Ever since the bizarre event that had left him with cat ears and a long, fluffy tail, he had been doing his best to maintain his cleanliness. This was lasting longer than he had wistfully hoped.
He was shedding everywhere.
The elegant strands of his midnight fur that adorned his cat features had begun piling up, turning his couch and sheets a grayish hue. He practically ate cat hair with every meal now. If anyone had a pet that shed, they would understand.
Zayne had decided in order to lessen the amount of shed fur, he would brush his ears and tail three times a day. It was just about time to start his midday grooming session. He figured there should be enough time before you came over for lunch.
Oftentimes, if you spent the evening with him–whether it was in his office or in his apartment–he would let you brush him. It was soothing. He would just melt into your touch.
He got to work, grabbing his brush and finding a comfy space on the wood floors.

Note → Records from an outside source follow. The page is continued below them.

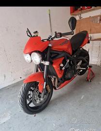 vendo triumph street triple 675r del 2010. moto in ordine eseguito Sostituzione kit catena corona pignone, pastiglie ant nuove piu olio freni. Monta scarico basso con l omologazione insieme alla moto do anche l'unghia monoposto e i 2 cavaletti.
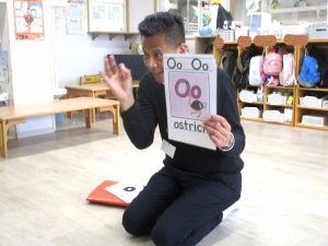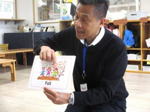 絵カードを見ながら描かれているものを英語で発音する際は、アルファベットや生き物、天気、季節の名前を発音しました。
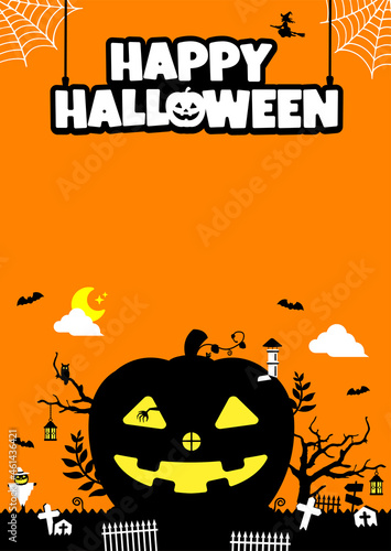 Halloween motif pumpkin house illustration with costume kids (poster size)
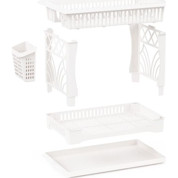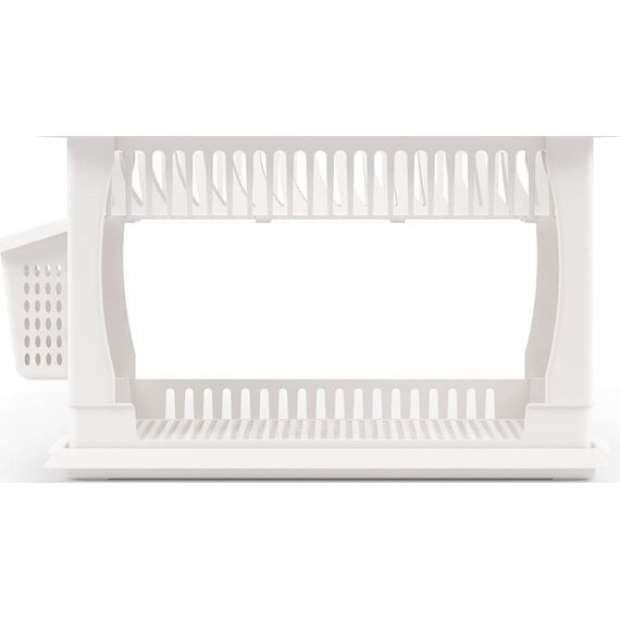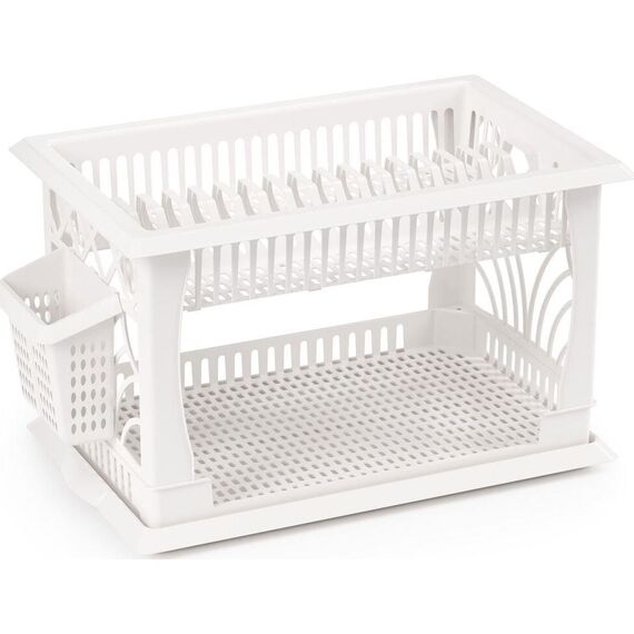 Изделие предназначено для сушки кухонной утвари. Верхний ярус позволяет размещать тарелки, а нижний ярус – чашки или другую глубокую посуду. На боковой стойке, соединяющей два яруса, располагается специальный карман для сушки столовых приборов. Поддон позволяет собрать стекающие капли и защитить поверхность стола от влаги. Вес 1 кг Размеры изделия (ДхШхВ) 480х305х300 мм
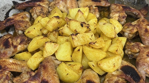 Куриные крылышки в духовке с картошкой
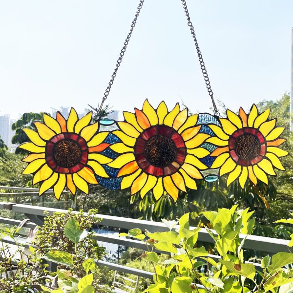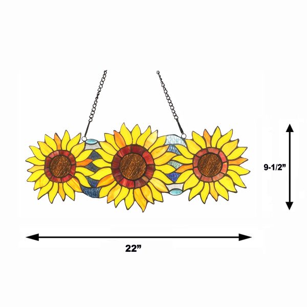 CHLOE Lighting ANNUUS Floral-Style Stained Glass Window Panel 22″ Wide
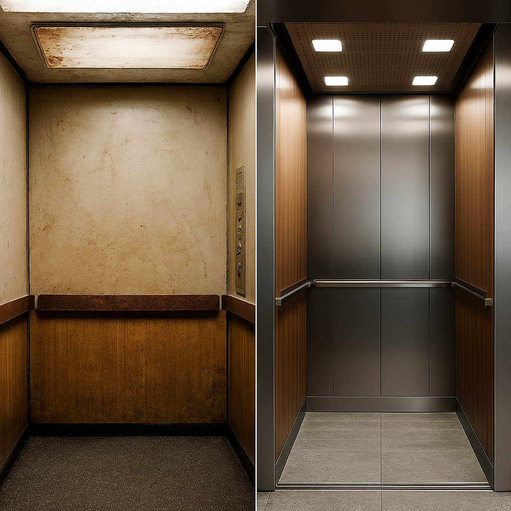 تخصص ما بازسازی آسانسور با ایمنی بالا، طراحی زیبا و هزینه‌ای مقرون‌به‌صرفه برای ساختمان شما.
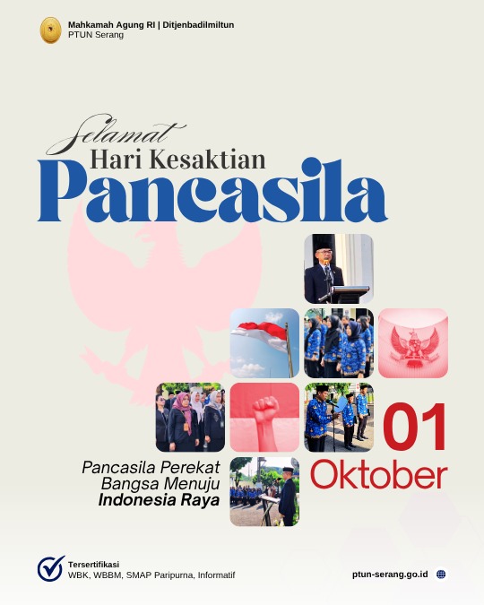 Pada 6 Oktober 2025, Ketua Pengadilan Tata Usaha Negara Serang Bapak Dr. Hari Hartomo Setyo Nugroho, S.H., M.H. secara resmi mengambil sumpah jabatan dan melantik Bapak Aswirman, S.H., M.H., sebagai Panitera Pengadilan Tata Usaha Negara Serang. Acara yang berlangsung dengan penuh khidmat ini dihadiri oleh seluruh jajaran Hakim, Pejabat Struktural dan Fungsional, Aparatur PTUN Serang, Pengurus serta Anggota Dharmayukti Karini, serta keluarga dari pejabat yang dilantik.
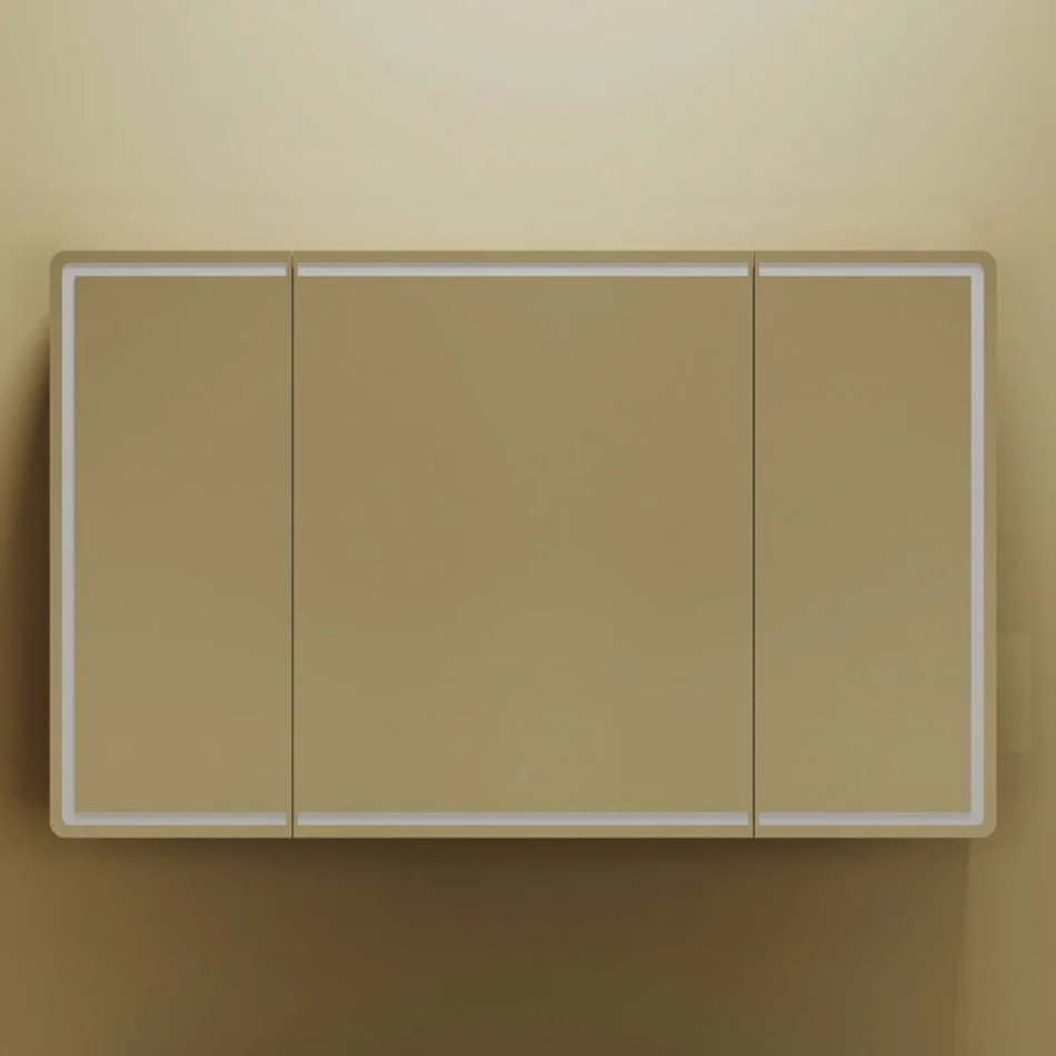 Зеркальный шкаф для ванной комнаты SANCOS Mirror 1190x150х740 мм, с LED подсветкой, корпус выполнен из лдсп цвет дуб чарльстон, диммируемое сенсорное управление подсветкой, 6 полок стекло.

How long has it been since he’s vacuumed? He admitted to himself, he had begun to slack on the cleaning. It had gotten exhausting keeping up with the amounts of sweeping he had to do everyday and becoming a cat has made him more prone to naps these days. Therefore, his floors were gaining quite the collection of cat fur.
Zayne sighed slightly as he settled onto the floor in a cross legged position. However, no matter how gentle he sat down, it hadn’t stopped him from stirring up the stray strands of fur into the air. He started on his
With the precise motions of a surgeon, he ran the brush over his ears first. An attempt to ensure that each motion was controlled as to not let too much cat fur fly. The feeling was pleasant, he almost purred.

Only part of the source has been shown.